Efesios 2,11-12
La pretensión de ponerle andariveles a la acción de Dios es una tentación de todos los tiempos. No es una enfermedad erradicada. Pablo libra su lucha en comunidades que tienen un componente de miembros que vienen de las tradiciones judías, pero tienen otros que aceptan a Cristo sin haber tenido el mismo periplo de vida. Y tienen los que no siendo judíos han aceptado sus leyes para sí mismos y quienes no. Y la lucha consiste en convencer que Cristo vino a traer buenas noticias de paz a todos…, que por medio de Cristo, los unos y los otros podemos acercarnos al Padre por un mismo Espíritu.

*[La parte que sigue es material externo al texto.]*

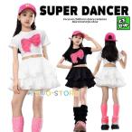 ダンス衣装 キッズ セットアップ K-POP 韓国 ガールズ ヒップホップ 衣装 チアダンス リボン ヘソ出しトップス スカート 派手 白 黒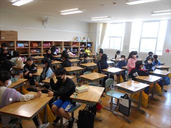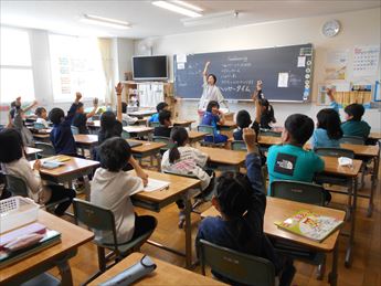 先生1人とクラス全体、数名のグループ、席の隣同士などで ” あいこじゃんけん ” 行い、あいこになった時は、「やったー!グー出すと思ったんだよねー。」など声が上がりました。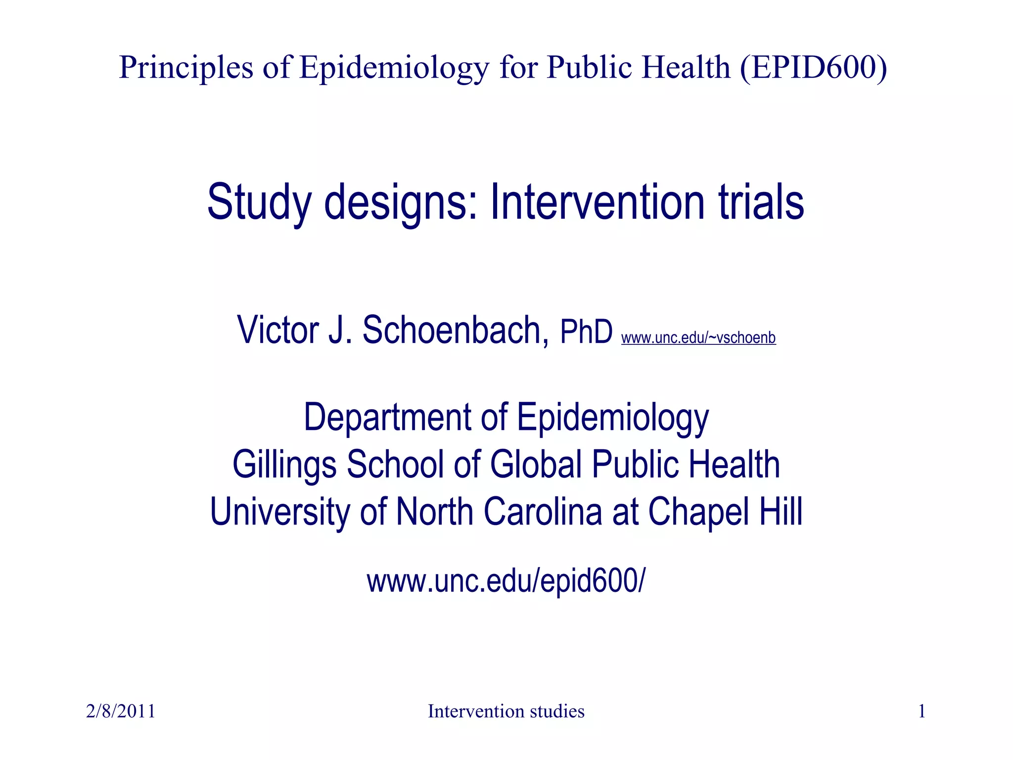 This document discusses intervention studies and randomized controlled trials. It begins by defining causality using the counterfactual model and comparing exposed and unexposed groups. It then describes the importance of randomization in intervention studies, noting that randomization helps ensure the unexposed group is a valid control, controls for unknown confounders, facilitates blinding, and provides a foundation for statistical tests. The document discusses types of intervention studies, issues like compliance, analysis approaches like intention-to-treat, and ethical considerations.

La discriminación es mutante, cambia, pero no ha dejado de existir y nos somete a una lucha constante. Aquella comunidad levantaba muros argumentados en la necesidad de volverse primero judíos para luego sí ser aceptados como cristianos. Los muros van cambiando, pero la discriminación es la misma, y las justificaciones son por lo menos parecidas. Los derechos naturales y divinos están conmigo y los que son como yo; el resto tiene la opción de imitarme o permanecer excluido. Aceptar que Dios no hace acepción de personas, implica un camino que muchas veces pasa por la lucha con nosotros mismos y nuestros prejuicios.
Pablo mismo recuerda que en otro tiempo estaba sin Cristo. Luchó contra el orgullo de haber sido circuncidado a los ocho días de nacer, ser hebreo, de la tribu de Benjamín, del partido fariseo. Eso perdió valor cuando Cristo lo encontró y él lo aceptó.
La discriminación sigue viva, pero el mensaje de paz de Cristo que nos ha llamado a la vida plena, mucho más. Basta recordar de dónde hemos venido.